Only the lines below from the one containing "Los azulejos dejan" through the one containing "The following is" belong in the answer, set down exactly, with the pictures left out.

RECORDED INFORMATION:
----

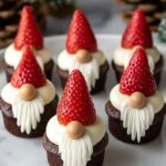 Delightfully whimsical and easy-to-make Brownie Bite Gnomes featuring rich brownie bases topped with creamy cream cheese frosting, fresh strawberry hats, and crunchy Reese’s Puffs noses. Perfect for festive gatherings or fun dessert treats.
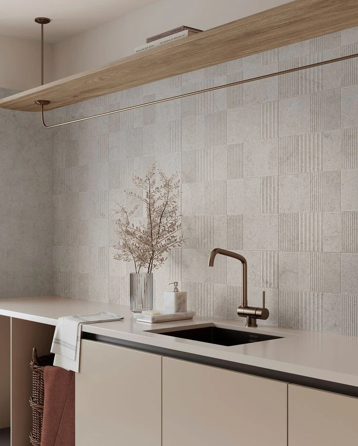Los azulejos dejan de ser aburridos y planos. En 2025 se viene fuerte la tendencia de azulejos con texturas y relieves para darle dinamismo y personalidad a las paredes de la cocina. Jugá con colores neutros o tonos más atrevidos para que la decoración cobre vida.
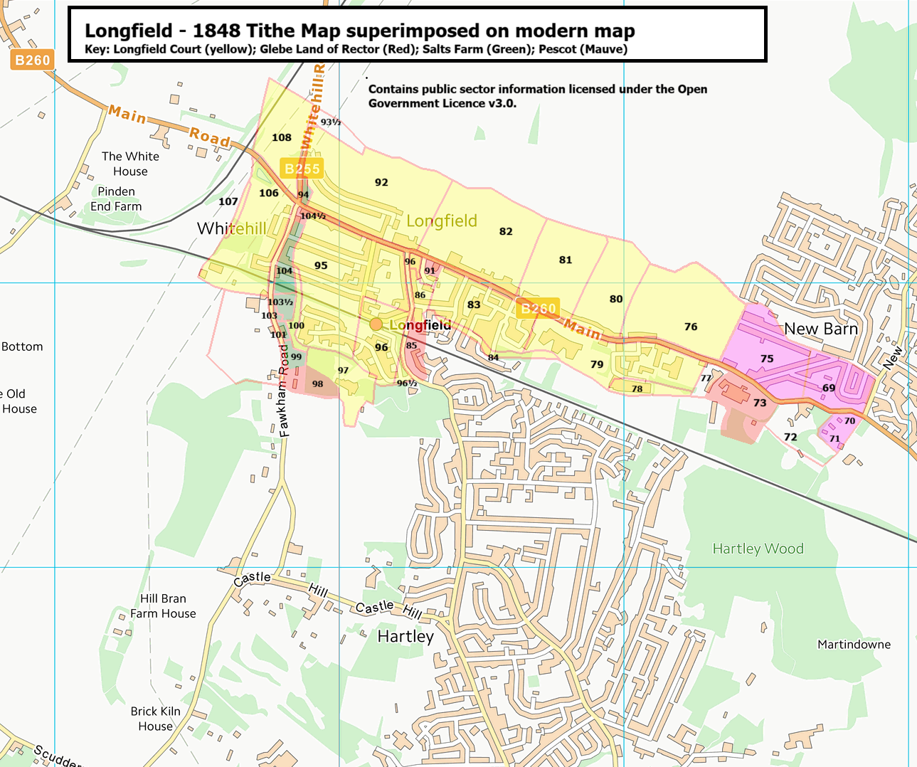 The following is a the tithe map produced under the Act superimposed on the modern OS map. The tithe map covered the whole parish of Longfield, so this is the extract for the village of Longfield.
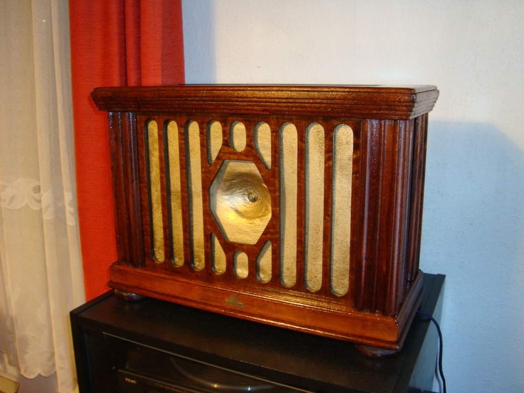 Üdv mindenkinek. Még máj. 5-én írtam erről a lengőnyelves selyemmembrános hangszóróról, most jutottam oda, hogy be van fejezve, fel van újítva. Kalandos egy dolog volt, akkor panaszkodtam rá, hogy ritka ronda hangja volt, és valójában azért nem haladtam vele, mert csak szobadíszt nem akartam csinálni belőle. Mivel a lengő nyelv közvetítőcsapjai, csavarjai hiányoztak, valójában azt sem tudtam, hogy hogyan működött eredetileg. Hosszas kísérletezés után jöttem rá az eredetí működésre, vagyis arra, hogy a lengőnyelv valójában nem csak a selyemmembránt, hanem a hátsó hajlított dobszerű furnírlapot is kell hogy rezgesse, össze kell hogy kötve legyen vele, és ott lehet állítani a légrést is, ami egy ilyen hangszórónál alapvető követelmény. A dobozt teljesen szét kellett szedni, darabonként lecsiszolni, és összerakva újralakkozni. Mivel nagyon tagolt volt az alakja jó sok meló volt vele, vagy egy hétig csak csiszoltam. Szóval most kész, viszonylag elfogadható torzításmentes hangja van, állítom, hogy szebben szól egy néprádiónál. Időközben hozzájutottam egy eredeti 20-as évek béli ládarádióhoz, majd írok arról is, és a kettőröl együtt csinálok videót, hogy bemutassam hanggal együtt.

----

RESPONSE:
Los azulejos dejan de ser aburridos y planos. En 2025 se viene fuerte la tendencia de azulejos con texturas y relieves para darle dinamismo y personalidad a las paredes de la cocina. Jugá con colores neutros o tonos más atrevidos para que la decoración cobre vida.
 The following is a the tithe map produced under the Act superimposed on the modern OS map. The tithe map covered the whole parish of Longfield, so this is the extract for the village of Longfield.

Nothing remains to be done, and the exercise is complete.